WORK INSTRUCTIONS: Below are the records; repeat exactly their lines between the line holding "Guidde offers flexible" and the line holding "This is a brand-new, energy-efficient", inclusive, skipping the pictures.

ENTRIES PROVIDED:
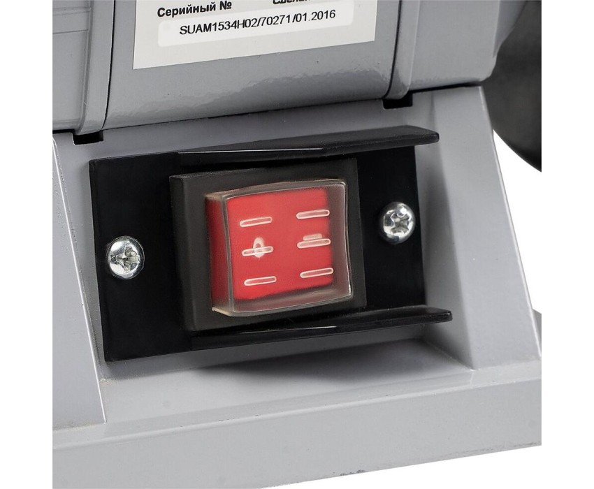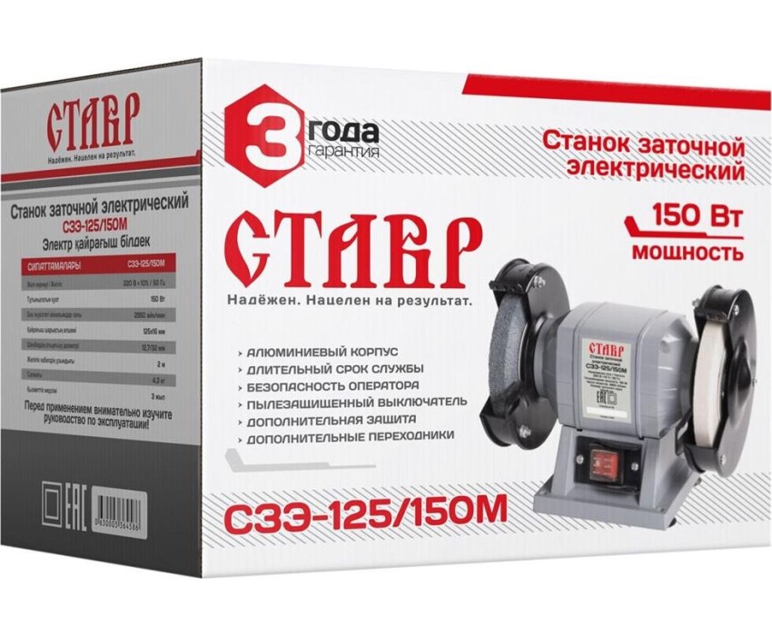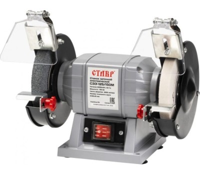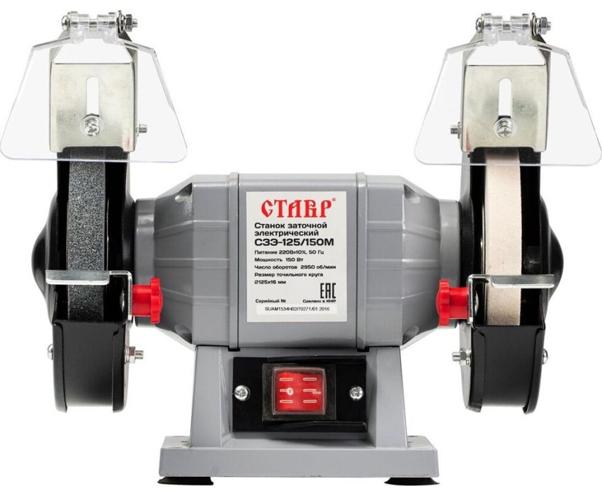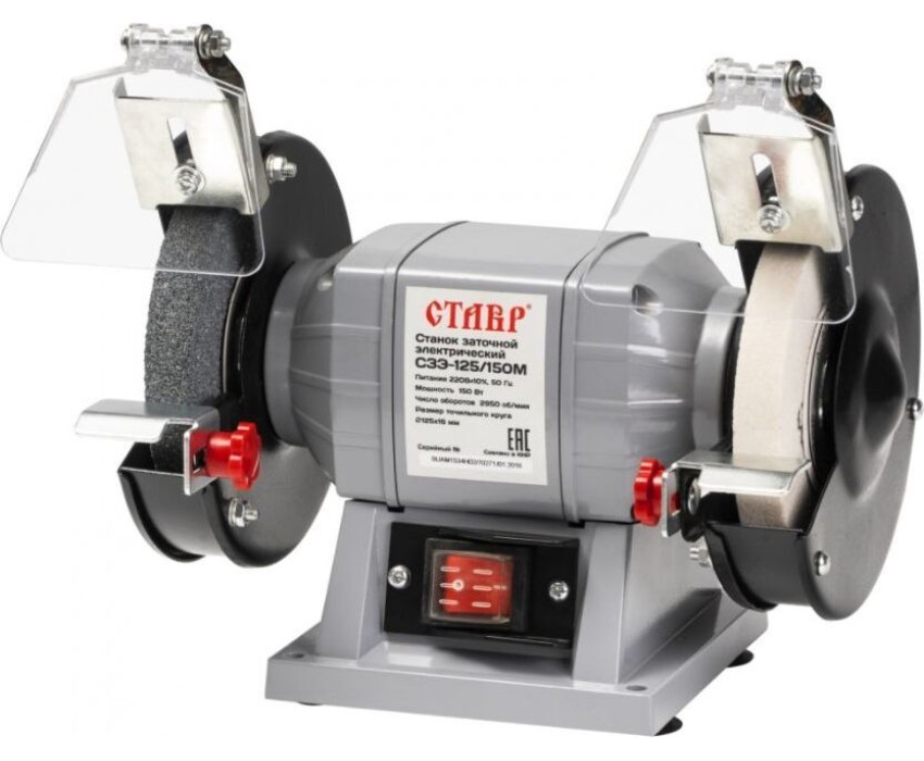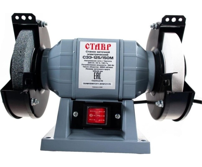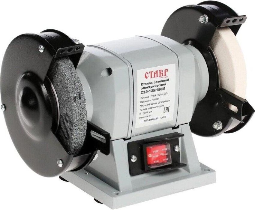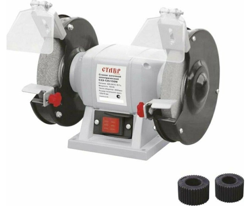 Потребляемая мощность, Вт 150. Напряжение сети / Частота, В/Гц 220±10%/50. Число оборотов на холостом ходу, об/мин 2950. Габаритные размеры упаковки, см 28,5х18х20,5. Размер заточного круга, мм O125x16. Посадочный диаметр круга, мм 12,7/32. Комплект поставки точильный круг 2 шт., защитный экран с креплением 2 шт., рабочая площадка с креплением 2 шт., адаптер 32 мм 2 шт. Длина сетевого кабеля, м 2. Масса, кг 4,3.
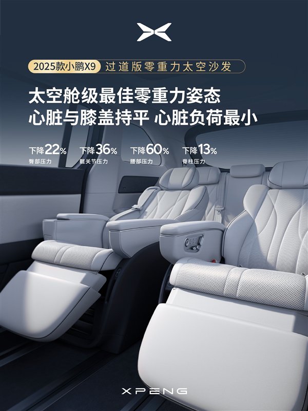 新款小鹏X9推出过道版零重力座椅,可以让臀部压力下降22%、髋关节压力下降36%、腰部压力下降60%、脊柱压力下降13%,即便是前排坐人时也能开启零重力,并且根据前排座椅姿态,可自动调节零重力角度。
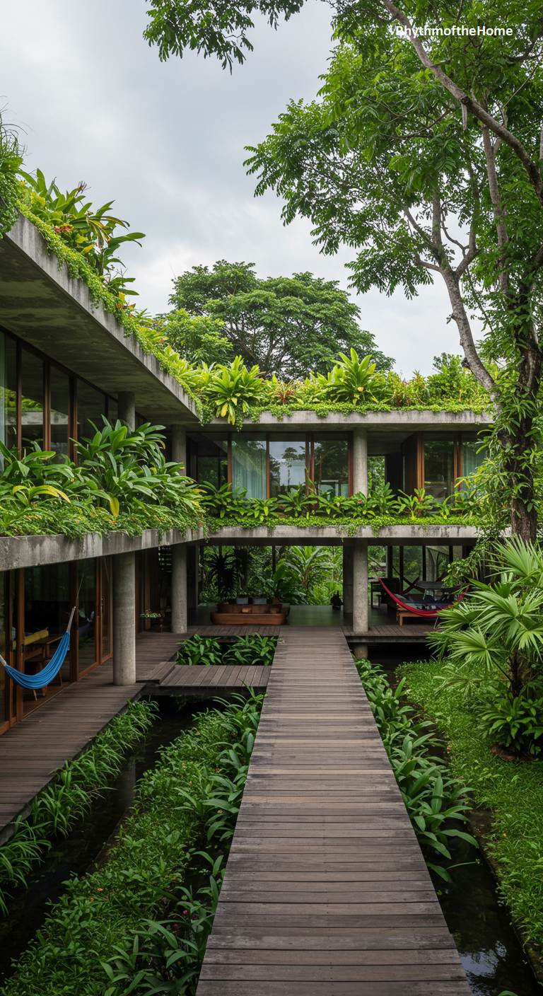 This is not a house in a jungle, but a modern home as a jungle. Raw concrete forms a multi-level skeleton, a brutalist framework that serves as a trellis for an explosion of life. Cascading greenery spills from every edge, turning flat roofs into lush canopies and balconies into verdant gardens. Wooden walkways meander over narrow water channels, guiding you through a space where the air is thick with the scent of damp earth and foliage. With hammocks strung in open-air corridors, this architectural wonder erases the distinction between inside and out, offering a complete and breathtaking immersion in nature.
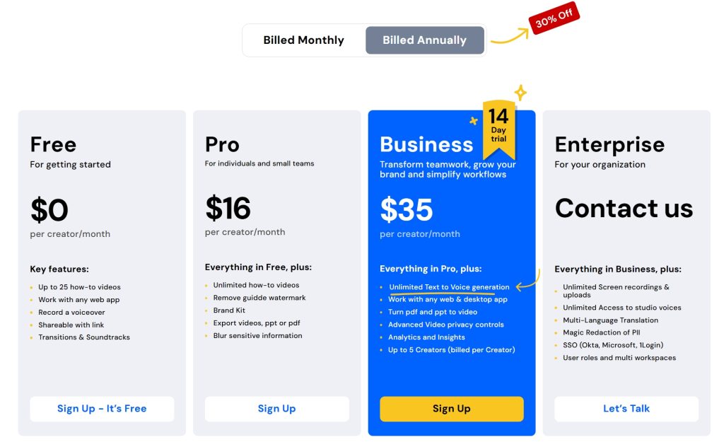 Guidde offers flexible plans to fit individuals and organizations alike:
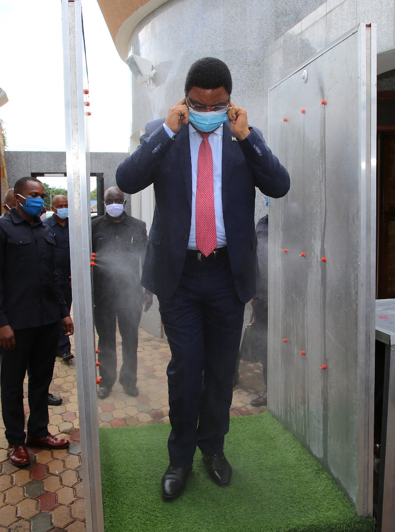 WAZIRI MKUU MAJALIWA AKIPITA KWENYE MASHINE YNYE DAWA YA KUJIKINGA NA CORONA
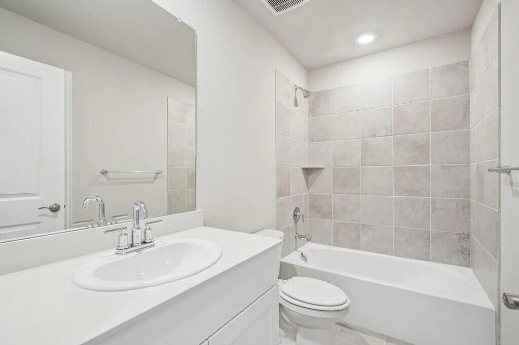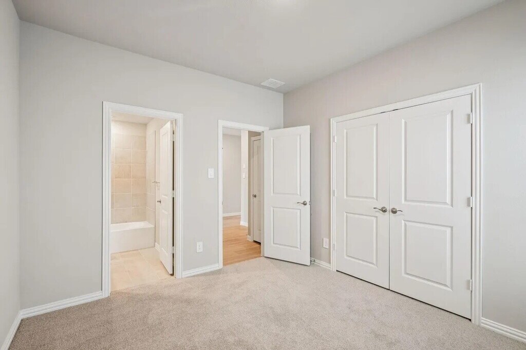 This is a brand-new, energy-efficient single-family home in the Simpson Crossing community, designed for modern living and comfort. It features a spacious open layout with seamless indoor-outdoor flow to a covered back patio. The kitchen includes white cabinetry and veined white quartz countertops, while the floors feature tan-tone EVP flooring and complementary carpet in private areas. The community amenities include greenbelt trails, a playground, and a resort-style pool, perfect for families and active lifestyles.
...
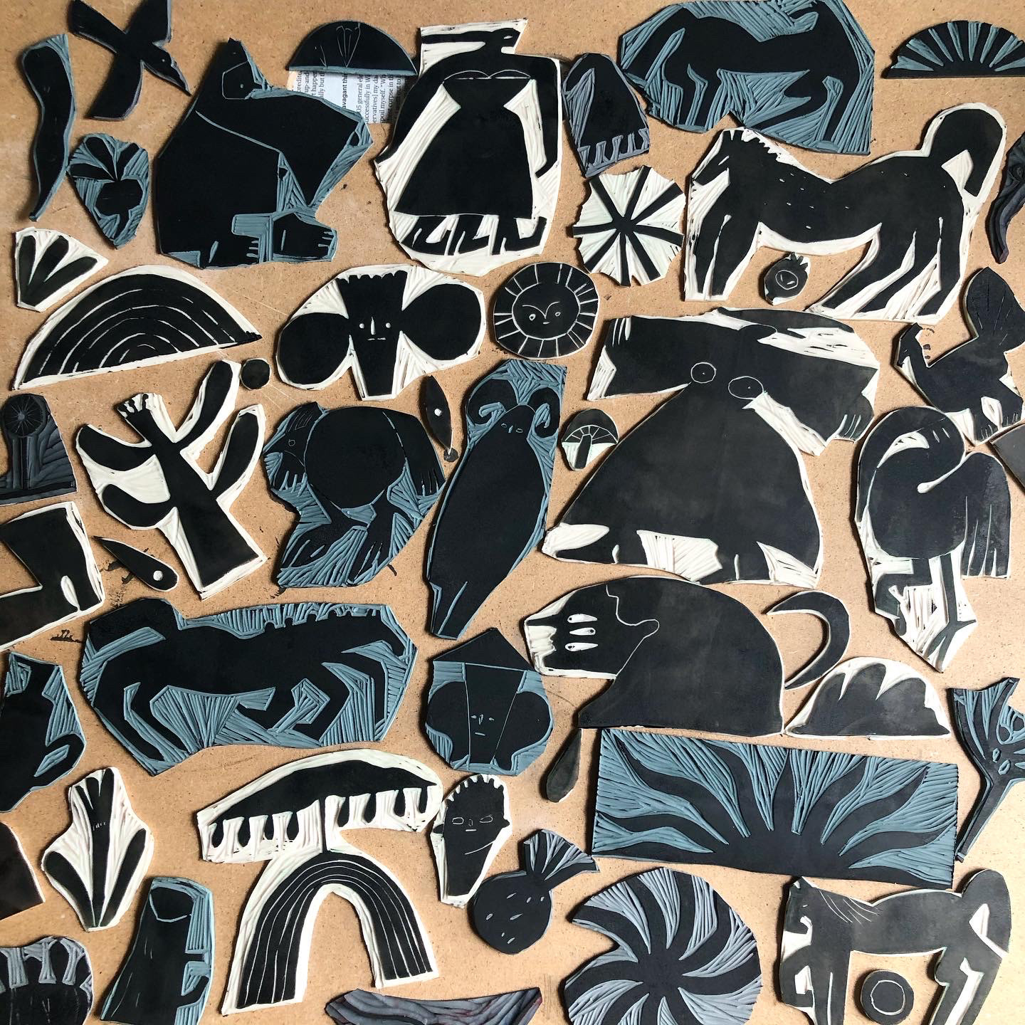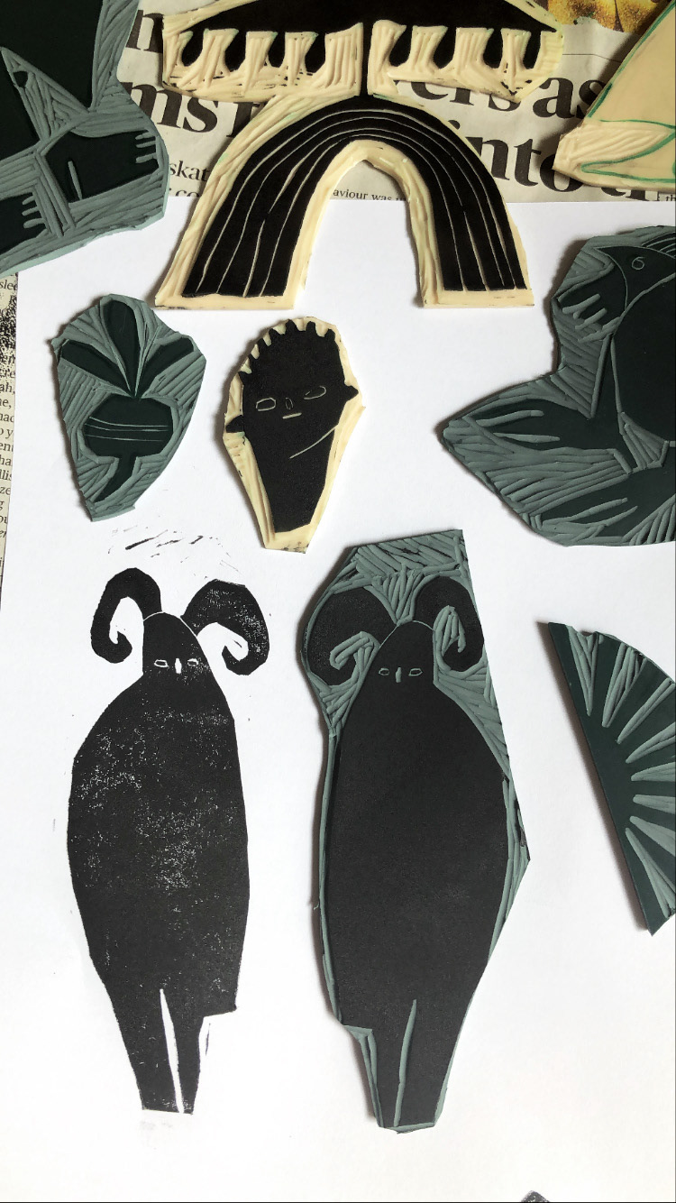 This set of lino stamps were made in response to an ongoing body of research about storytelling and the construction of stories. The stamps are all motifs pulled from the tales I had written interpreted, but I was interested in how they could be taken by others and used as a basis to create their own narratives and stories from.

SOLUTION TO THE PROBLEM:
 Guidde offers flexible plans to fit individuals and organizations alike:
 WAZIRI MKUU MAJALIWA AKIPITA KWENYE MASHINE YNYE DAWA YA KUJIKINGA NA CORONA
 This is a brand-new, energy-efficient single-family home in the Simpson Crossing community, designed for modern living and comfort. It features a spacious open layout with seamless indoor-outdoor flow to a covered back patio. The kitchen includes white cabinetry and veined white quartz countertops, while the floors feature tan-tone EVP flooring and complementary carpet in private areas. The community amenities include greenbelt trails, a playground, and a resort-style pool, perfect for families and active lifestyles.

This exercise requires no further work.